[Extracted entries]

⟨

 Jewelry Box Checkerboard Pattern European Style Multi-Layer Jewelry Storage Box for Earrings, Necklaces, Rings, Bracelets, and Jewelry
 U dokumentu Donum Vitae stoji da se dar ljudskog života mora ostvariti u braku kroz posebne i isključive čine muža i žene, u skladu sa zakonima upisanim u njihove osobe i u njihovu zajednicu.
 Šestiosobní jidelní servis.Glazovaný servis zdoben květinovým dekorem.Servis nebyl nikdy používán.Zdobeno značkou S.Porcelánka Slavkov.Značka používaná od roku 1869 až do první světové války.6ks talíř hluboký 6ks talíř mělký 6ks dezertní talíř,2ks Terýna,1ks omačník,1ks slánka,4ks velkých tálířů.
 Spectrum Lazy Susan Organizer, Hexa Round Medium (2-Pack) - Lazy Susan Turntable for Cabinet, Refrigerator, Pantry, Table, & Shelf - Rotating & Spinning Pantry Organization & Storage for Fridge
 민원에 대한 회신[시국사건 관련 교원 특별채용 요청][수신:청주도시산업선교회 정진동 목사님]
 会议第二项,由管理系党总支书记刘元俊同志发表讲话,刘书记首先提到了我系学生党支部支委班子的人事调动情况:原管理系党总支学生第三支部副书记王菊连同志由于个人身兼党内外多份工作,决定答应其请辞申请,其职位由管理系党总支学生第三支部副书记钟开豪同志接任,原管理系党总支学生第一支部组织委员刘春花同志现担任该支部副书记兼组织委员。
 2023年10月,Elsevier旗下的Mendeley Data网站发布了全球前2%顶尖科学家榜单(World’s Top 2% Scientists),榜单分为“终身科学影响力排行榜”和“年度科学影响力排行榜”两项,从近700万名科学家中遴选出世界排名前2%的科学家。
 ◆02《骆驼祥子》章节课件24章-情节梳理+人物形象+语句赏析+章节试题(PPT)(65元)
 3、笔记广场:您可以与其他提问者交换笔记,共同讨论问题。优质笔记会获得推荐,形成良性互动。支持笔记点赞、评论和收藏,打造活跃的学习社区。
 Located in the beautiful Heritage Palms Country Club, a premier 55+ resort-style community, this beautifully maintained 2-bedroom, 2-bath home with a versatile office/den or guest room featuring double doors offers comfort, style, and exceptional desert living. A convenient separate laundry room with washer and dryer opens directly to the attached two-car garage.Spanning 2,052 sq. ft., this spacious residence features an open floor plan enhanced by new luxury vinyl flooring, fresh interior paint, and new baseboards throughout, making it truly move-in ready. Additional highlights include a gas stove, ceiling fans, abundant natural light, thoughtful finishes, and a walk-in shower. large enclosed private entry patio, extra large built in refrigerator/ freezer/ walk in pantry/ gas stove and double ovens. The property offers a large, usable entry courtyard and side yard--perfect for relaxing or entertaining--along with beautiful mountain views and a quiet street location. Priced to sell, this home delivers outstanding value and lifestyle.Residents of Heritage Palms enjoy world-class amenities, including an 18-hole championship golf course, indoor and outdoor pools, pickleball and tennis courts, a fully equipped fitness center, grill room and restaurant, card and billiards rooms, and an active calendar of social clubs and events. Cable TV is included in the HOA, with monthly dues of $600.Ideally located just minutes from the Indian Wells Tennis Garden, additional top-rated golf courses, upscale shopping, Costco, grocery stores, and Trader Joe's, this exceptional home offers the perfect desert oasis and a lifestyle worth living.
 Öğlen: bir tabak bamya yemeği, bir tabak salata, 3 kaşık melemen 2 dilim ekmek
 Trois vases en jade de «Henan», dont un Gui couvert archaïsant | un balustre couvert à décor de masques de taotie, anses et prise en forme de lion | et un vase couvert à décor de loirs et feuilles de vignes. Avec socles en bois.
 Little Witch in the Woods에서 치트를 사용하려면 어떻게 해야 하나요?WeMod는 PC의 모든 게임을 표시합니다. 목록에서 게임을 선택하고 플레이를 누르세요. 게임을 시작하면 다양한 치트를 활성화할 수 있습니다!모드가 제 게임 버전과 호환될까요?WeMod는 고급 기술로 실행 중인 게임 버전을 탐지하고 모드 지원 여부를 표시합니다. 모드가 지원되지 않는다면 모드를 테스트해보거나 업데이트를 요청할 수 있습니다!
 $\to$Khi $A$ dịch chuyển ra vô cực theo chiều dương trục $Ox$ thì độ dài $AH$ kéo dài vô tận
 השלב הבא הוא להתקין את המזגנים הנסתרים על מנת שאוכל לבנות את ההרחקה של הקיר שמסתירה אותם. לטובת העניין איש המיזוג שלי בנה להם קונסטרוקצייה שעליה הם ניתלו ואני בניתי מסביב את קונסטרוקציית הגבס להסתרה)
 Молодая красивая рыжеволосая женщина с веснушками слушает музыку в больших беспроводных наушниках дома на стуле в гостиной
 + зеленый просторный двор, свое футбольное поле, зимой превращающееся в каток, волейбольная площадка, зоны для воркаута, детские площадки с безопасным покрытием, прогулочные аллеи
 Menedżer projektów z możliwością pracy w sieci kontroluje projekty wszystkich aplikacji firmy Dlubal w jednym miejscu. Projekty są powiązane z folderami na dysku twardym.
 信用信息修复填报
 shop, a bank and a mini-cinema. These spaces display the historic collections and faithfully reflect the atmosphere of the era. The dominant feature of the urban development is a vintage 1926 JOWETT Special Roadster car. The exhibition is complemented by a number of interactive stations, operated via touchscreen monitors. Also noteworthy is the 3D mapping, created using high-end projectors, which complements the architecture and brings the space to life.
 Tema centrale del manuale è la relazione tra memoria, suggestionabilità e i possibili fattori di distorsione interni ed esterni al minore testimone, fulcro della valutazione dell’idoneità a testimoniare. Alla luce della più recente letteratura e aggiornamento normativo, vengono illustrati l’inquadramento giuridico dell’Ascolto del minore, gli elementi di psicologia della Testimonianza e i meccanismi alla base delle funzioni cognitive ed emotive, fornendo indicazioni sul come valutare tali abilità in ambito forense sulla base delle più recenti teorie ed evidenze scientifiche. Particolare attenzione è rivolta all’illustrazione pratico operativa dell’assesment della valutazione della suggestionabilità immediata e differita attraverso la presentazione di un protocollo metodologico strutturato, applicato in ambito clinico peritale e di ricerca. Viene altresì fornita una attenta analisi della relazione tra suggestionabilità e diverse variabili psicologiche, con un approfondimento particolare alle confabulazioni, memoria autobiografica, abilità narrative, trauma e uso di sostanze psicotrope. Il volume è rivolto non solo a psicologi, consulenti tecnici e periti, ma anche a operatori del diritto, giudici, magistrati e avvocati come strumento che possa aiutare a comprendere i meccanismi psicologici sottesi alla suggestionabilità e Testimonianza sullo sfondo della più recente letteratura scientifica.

⟩

[Activity]
From the records above, state how many lines contain the word "Storage", and leave out everything else.

[Result below]
2